Objective: Previous reports suggest an association between inflammatory bowel disease (IBD) and immune thrombocytopenic purpura (ITP) in adults. To date, only five children with both diseases have been described. The aim of the study was to describe the characteristics of children with IBD and ITP. Methods: Cases were obtained from the pediatric gastroenterology community by means of the pediatric gastroenterology internet bulletin board in June 1999. Eight cases were submitted from seven medical centers. Medical records were reviewed by two pediatric gastroenterologists and a pediatric hematologist. Results: The age range of the patients was 2.1 to 16.5 years, with a mean age of 9.6 ± 5.2 years. Four children had ulcerative colitis, three had Crohn disease, and one had indeterminate colitis. All had colonic involvement of IBD. Of eight patients, three had IBD first, three had ITP first, and two had both simultaneously. At ITP diagnosis, platelet count was less than 10,000/mL in five children, 17,000/mL in one child, and 50,000 to 60,000/mL in two children.
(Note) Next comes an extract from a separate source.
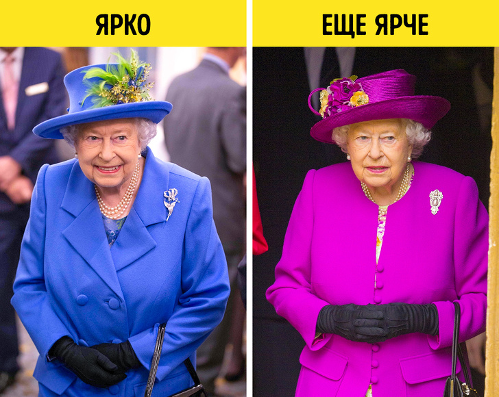 Королева Єлизавета II завжди відрізняється своїми яскравими монохромними нарядами, і справа тут зовсім не в її любові до барвистим квітам. За правилами британської сім'ї, королеву завжди повинно бути видно у натовпі, щоб люди могли спокійно розгледіти її і сказати: «Я бачив королеву!»
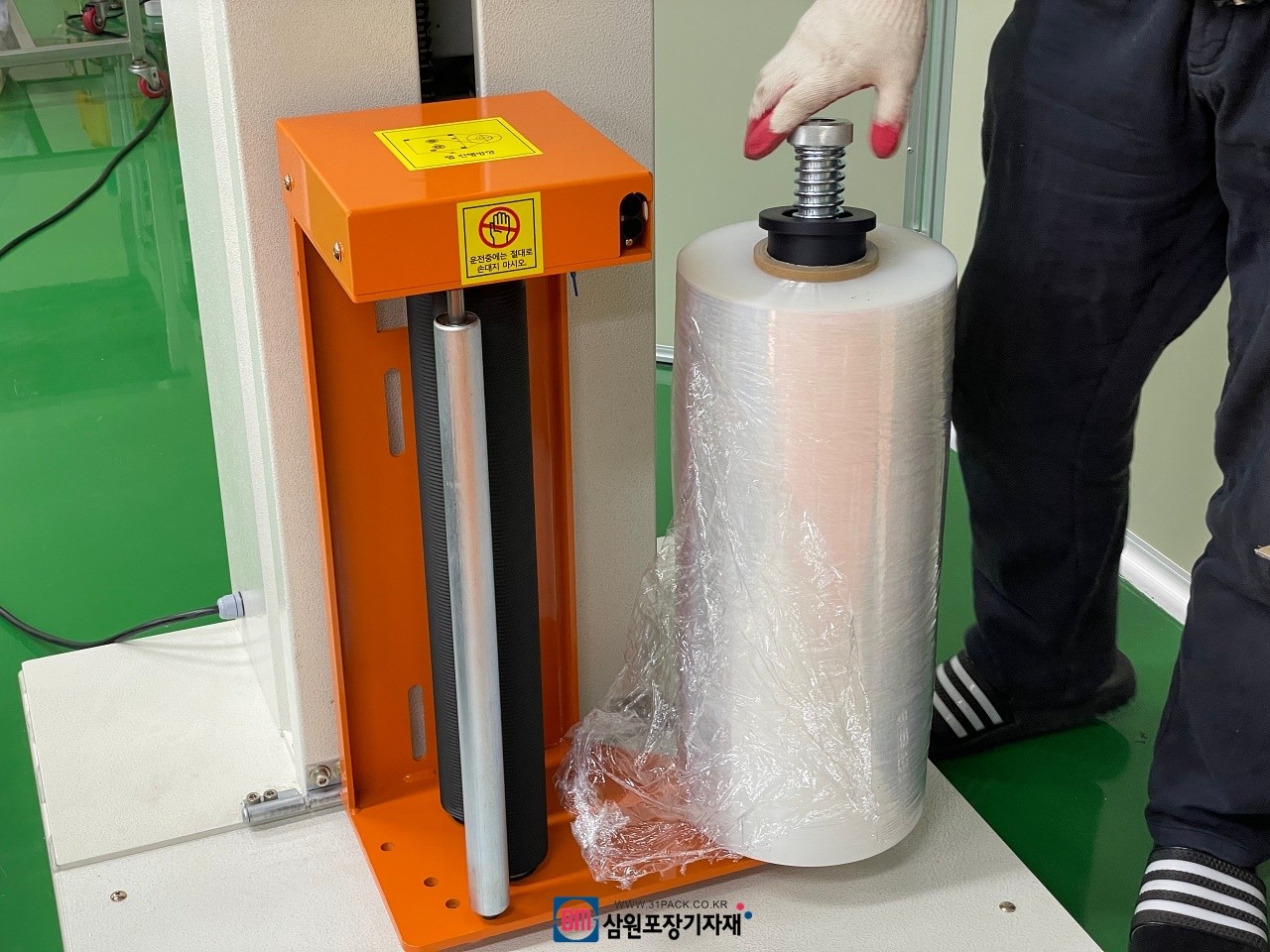 랩원가절감과 제품이 가벼운 제품포장등에 유리한 랩핑기입니다

Of the three children diagnosed with ITP first, two initially had rectal bleeding at the time of ITP diagnosis. Bone marrow evaluations, performed in six of eight children, were consistent with ITP. Six of the eight children had chronic IT P, including three children who were 5 years of age or younger. Therapy for ITP included steroids (n = 6), intravenous immunoglobulin (n = 6), Rh(D) intravenous immunoglobulin (n = 2), and splenectomy (n = 1). Conclusions: The authors describe the largest pediatric case series of children with IBD and ITP. More than 50% of the children had the chronic form of ITP. Most patients responded to conventional therapy for ITP and IBD.